Integrated Machine Learning and Mathematical Optimization
How machine learning and mathematical optimization can be combined to solve problems more effectively.
Throughout history, humankind has invented tools to help solve complex problems. Indeed, the common Neanderthal’s resume 100,000 years ago may have begun with “I excel at leveraging tools and technology to help my tribe solve complex problems.” We’ve always loved our tools. One could argue that it’s a defining characteristic of humans. However, some form of human bias often leads us to over-extend the usefulness of the tools we know into problem domains where they don’t fit. Perhaps we’ve been doing this since our caveman friend was around.

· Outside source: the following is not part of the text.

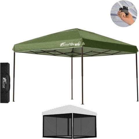 FIELDOOR ワンタッチタープテント 3m (標準:カーキ/スチール/センターロック/バグガード) テント タープ ワンタッチ ワンタッチテント ワンタッチタープ UV加工 撥水 ベンチレーション 収納バッグ付 日よけ キャンプ バーベキュー 送料無料

There are times when it is helpful to level set on the best applications of the tools we’ve invented and identify how these tools can be combined to solve problems together. Instead of either/or, why not both? In this whitepaper, we at Mosaic explore how two transformational technologies can be brought together to help organizations solve their problems more effectively. This whitepaper dives into the integration of Machine Learning (ML) and Mathematical Optimization (MO).
The Elephant in the Room
Before we get into the details, let’s clear the air a bit. For many of those reading this blog post, you probably have a good sense of what ML is and perhaps little idea as to what MO is. In short, while ML is focused on solving prediction problems (e.g., what is going to happen next or how you would classify an object), MO, at least within the context of Operations Research, is focused on solving big decision problems (e.g., given 10 million possible choices, what is the best series of decisions to make?).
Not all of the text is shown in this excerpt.